I discussed it with her teacher and we decided she was best staying with ExP. We thought even if she didn’t sleep keeping her routine was important. We also thought 2 nights might help reassure her that dads house is ok and it’s ok to enjoy sleeping there.
She didn’t sleep at all the first night (ExP picked her up from school, this is normal she stays Friday – Saturday with ExP so is used to seeing me in the morning and not again until next day we tried Sat – Sun and it made no difference to her behaviour at bedtime). And apparently went sobbing into her classroom in the morning saying she wants her mummy. The TA tried to find out why she doesn’t like being away from me (gently of course) and she just kept repeating that she misses me and wants to stay in my house with me for ever and ever. They tried asking if she was worried about her pets or me, but she said no, she knows I am ok and that her pets were being looked after by my cousin (on other side of my family so no relation to passed family member) but she missed me. She spent the day on and off sobbing for me; she is usually such a happy girl and skips into the classroom in the morning. She apparently ran to ExP at the end of the school day and asked if mummy was picking her up after tea, when ExP said no tomorrow she screamed and refused to leave school with him. He ended up having to carry her screaming to the car with her shouting “I want my mummy”.
She apparently screamed until she exhausted herself and did sleep but woke in the night shouting for me. I did end up skyping during that night just to let her know I was still about and she just sobbed at me saying she wanted to go home and she missed me.
When I got her from school the next day she told me she is never going to sleep at daddys again. She’s told her teacher and the TA the same thing. Everytime she goes to ExPs she says she’s not sleeping there and is coming home afterwards. We haven’t tried overnight with ExP since and ExP hasn’t mentioned it, but I really want her to be able to go overnight again, even if it was only 24 hours EOW, I really need that rest (it’s my only guaranteed chance to socialise with other humans that aren’t 3.5ft tall or forced to spend time with me due to being paid/related to me).
I really don’t know how/why she hates being away from overnight. If it was to do with the bed she’d hate holidays with me but we have stayed in hotels and holiday cottages several times since I split with ExP and she’s always been fine there.
Even stranger is she’s not a clingy child at all, she’s generally happy, loves school, has friends, quite independent in most things but just hates being away overnight.

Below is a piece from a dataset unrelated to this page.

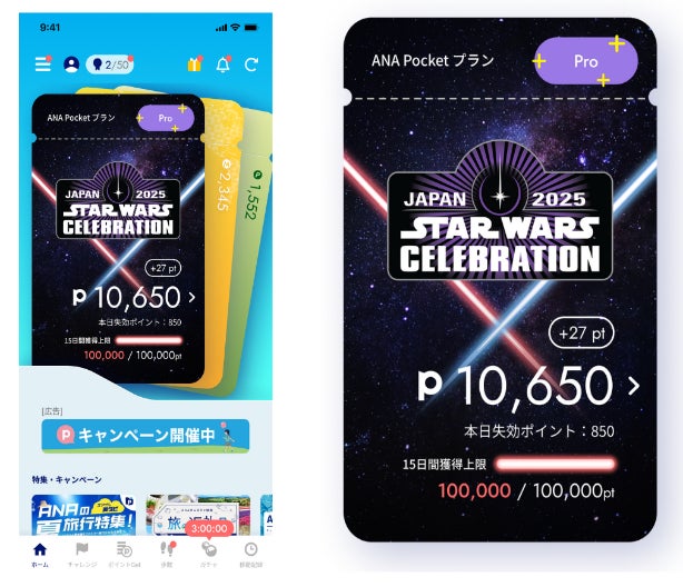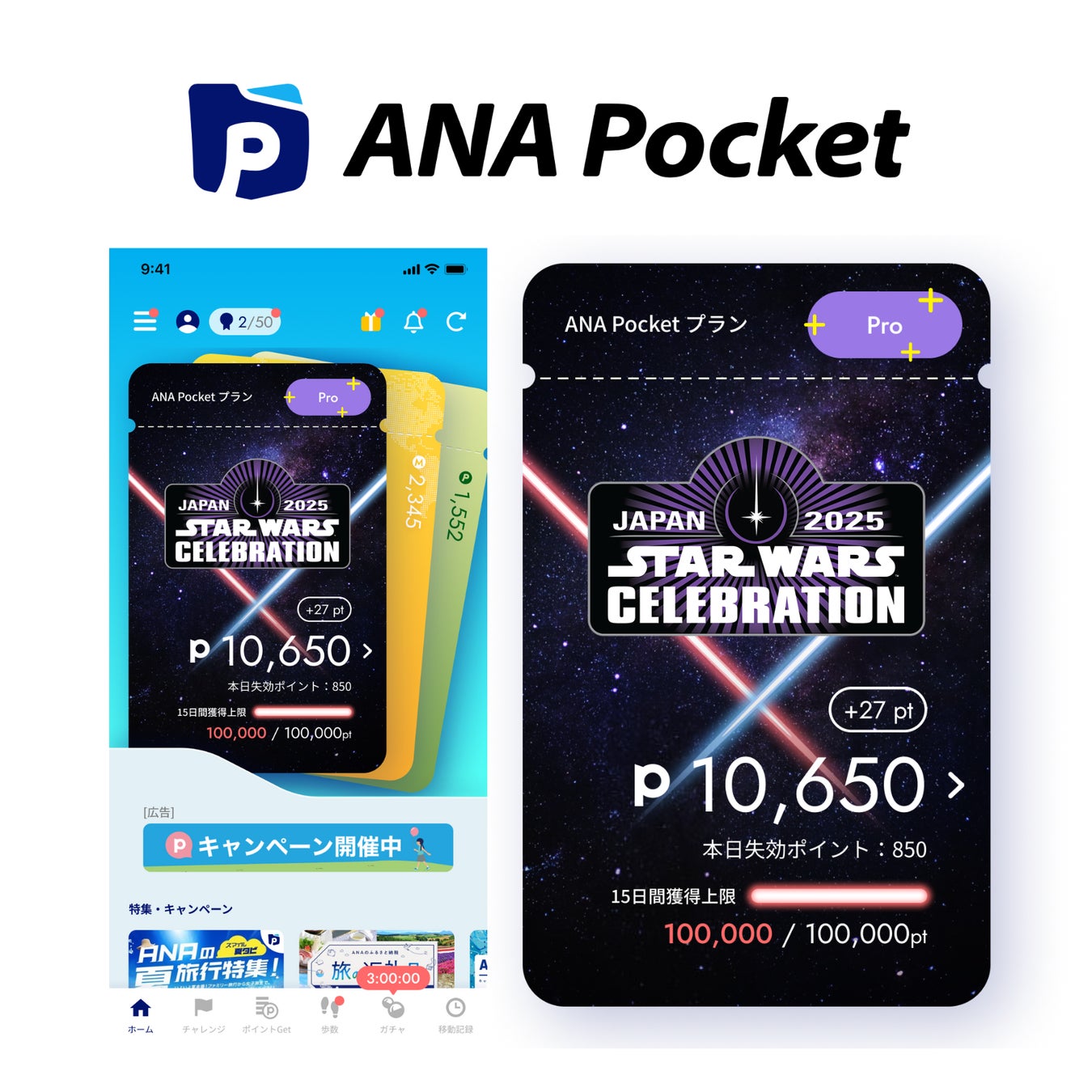 ANA X株式会社(代表取締役社長:神田 真也、本社:東京都中央区、以下「ANA X」)は、全ての移動でANAのマイルが貯まるスマートフォンアプリ「ANA Pocket」を、Star Wars Celebration Japan 2025のANAブース内で出展します。来場者限定で新規インストールキャンペーンや会場内でチェックインチャレンジを開催します。全ユーザー向けに、アプリホーム画面のポイントカードデザインが特別デザイン仕様に変化するほか、開催を記念し、期間限定でチェックインチャレンジを行います。
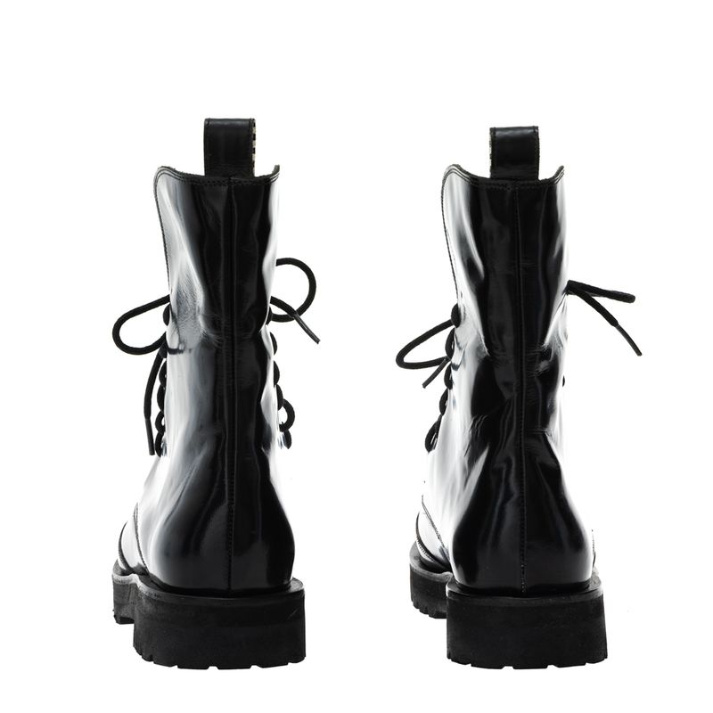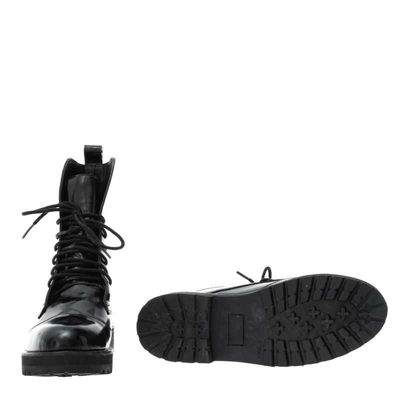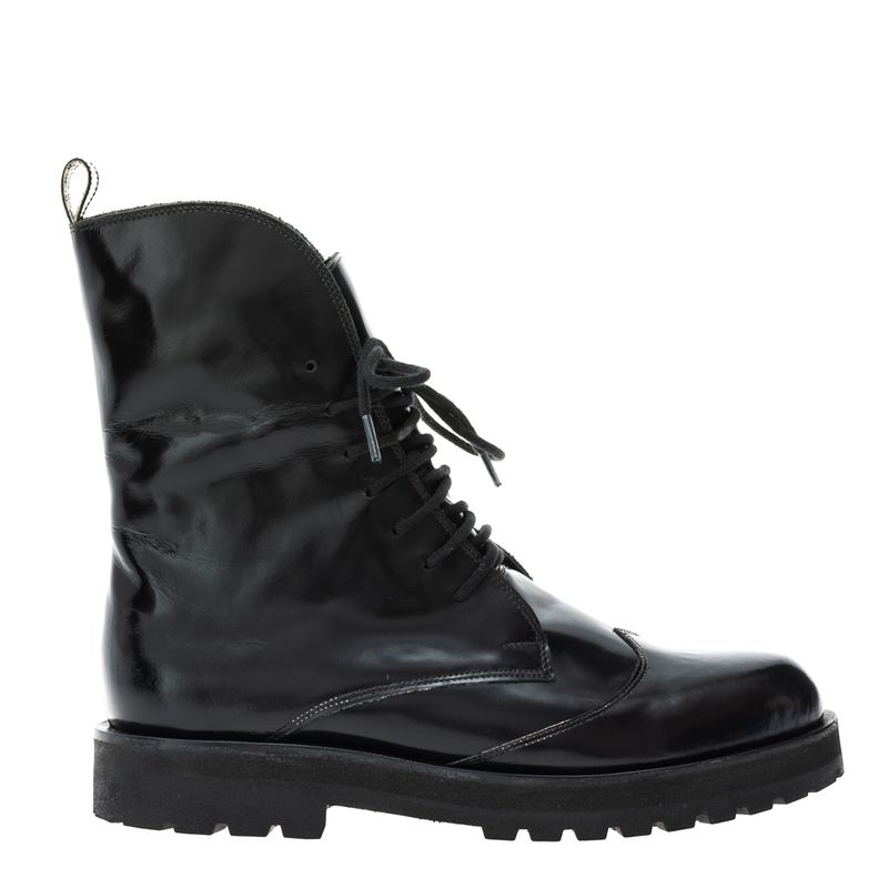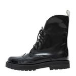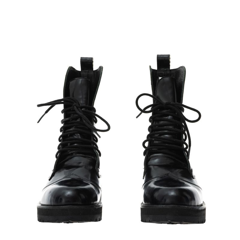 Coturno da marca Manolita. Confeccionado em couro preto, bico arredondado, cano médio, solado emborrachado e fechamento por cadarço. A peça se encontra em excelente estado, muito bem conservada.

She’s never going to forgive me for going away is she?
It's not about forgiveness but I don't think you can force her to do the over nights when she's so traumatised by it.
You need to find another way for you to get a break, I'm sorry.
Op if it's traumatic for her you really can't send her can you? What exactly is happening at her dads? Are you worried about abuse?
Your daughter needs to come before parents, grandparents and siblings. They are the ones who you need to cut back on and be firm about it. Not her.
I think I would be taking her to a child psychologist to get them to have a poke about to find out why she's so scared of sleeping apart from you so they can help you crack it. Could you afford that?
Have you tried her staying other places? Grandparents? Siblings? Ex’s parents?
Tell her that usually you wouldnt have to go away for 3 nights but it was a very important thing you had to do, and as she can see, you came back exactly when you said you would, and no matter what, you always come back and to remember that, and try to not be worried too much, because her daddy loves her very much too and she is perfectly safe there
Have you tried her staying other places?
Yes she won't settle if she stays at my parents either she shouts and says she misses mummy.
What exactly is happening at her dads? Are you worried about abuse?
She just repeats that she wants mummy, she misses me and similar. I'm not worried about abuse, as she's the same if she tries to stay at my parents.
Right, so you've been away now and that's done is it? Reassure her now and surely don't put her in the position of feeling so traumatised until you can work it out and she's comfortable with overnights? You might feel like you "need a break" but that's not the priority here
It's makes me sad reading that. Surely if it's making her this upset just leave it until she's a bit older and is ready to try again.
No one is gaining anything with her spending the night distressed at her dads. Just pick her up for a late bed time. You can have your break in the day/evening.
so you've been away now and that's done is it?
No she hated even 1 overnight with ExP before I went away, she told cafcass that she didn't want to be away from me for too long but she was only 3 at the time so we thought as she got older she'd get better with the overnights but she hasn't.
My dd was like this until she was 10, ds would pack his bag at 4 and run to nanny's house! I honestly believe it's just different personalities and dd genuinely just liked her own bed!
I think the child needs to come first here. I see your point about wanting a break but many people dont get a weekly break at all. I have never had a break from my children.
Her having asthma makes me even more inclined to safeguard her away from stress and triggers.
I hear that you need the break but I just don't think that justifies what you're putting her through. How do you even feel relaxed or rested when you know what she's going through at her dads? She's not doing it deliberately, whatever the reason she just can't sleep when you're not in the house.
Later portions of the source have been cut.